With Twilight and Harry Potter
so big these days, how much thought goes into the idea of building a
franchise around these characters before you actually start writing?
I
think when you feel comfortable with the characters that tumble out,
and you feel you know them and that they're malleable - that is when
you think "This is easy to write, this is almost going to write itself"
and the ideas keep on flowing.
So in that sense, if people like
reading it, then I wouldn't have a problem coming up with new ideas
because I feel really comfortable with being with those characters.
Is
it daunting, or do you feel any extra responsibility, writing
children's books knowing that (like your own up bringing) the story,
morals and ideals will have some kind of impact on the lives (even
subconsciously) of kids when they grow up?
That would
obviously be brilliant. The thing with my book, as opposed to some of
the others I've read that are pitched at the same age group, is that
there's more of an innocence... there is something of a bygone era
about them.
I think childhood is quite short... now... in our fast paced modern age [Laughs]. I think that I was a child longer than my daughter will be a child, if that makes sense?
So
in that way, my characters don't have cell phones and they don't wear
designer clothes and they are more interested in foraging through a
rubbish tip and working with a magnifying glass and a flashlight than
the Internet.
So is there a lot of your childhood in these characters, or is it a case of things you wish you could have done?
Well
there wasn't TV, there wasn't the Internet or computer games - I
suppose my childhood was much less sophisticated than my daughters
childhood. I mean, I didn't go to a restaurant until I was 17 years old
- but if I tell her that she goes goggle eyed!
She
was eating at a Japanese restaurant when she was eight months old, or
something ridiculous like that. She is just so at home in a restaurant
with her colouring-in book, ordering from a waiter... It blows my mind
because I didn't even catch a plane until I was 18.

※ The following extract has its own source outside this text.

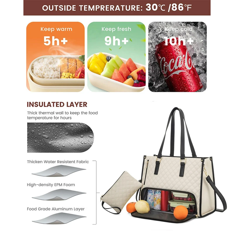 2-in-1 Insulated Leak-Proof Lunch Bag with Cooler Bag & 15.6-inch Laptop Tote Bag Waterproof PU Women's Office Tote Bag Handbag
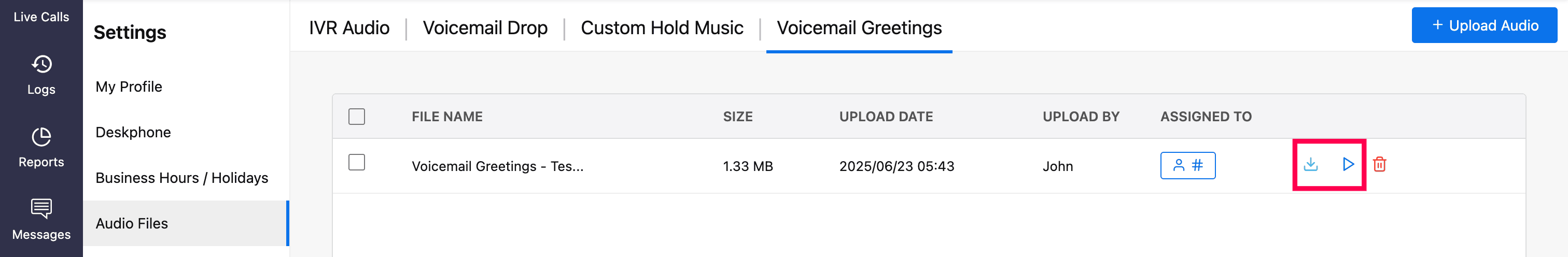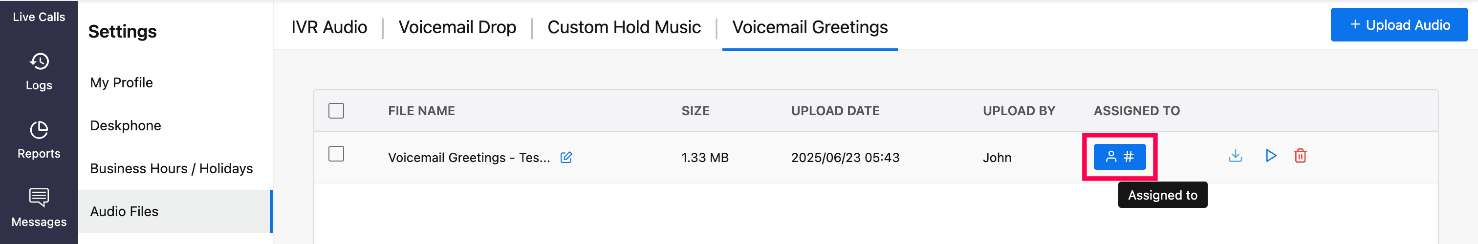 On the Voicemail Greetings homepage, click the Assign to icon of the file.

So where do you go from here?
Well
I'm writing the sequel and it involves balloons, and a field full of
Llamas, and once again there is a lot more food. But food which
compares and contrasts so marketedly between the two different
households.
Edie has that ridiculous bio-dynamic, organic
juniper cutlets and mung bean stew... while the Chompsters have haggis
and bread fried in lard. And I like the contrast that "every family is
different", that they bond in different ways over different foods and
that's what keeps life interesting.
Finally,
if you could start your own TMZ-style myth or rumour to spread about
yourself in the press... what would it be?
I think it involves trifle... and custard... and there is jelly involved [Laughs]. I think it involves me reading crime novels in a vat of trifle [Laughs].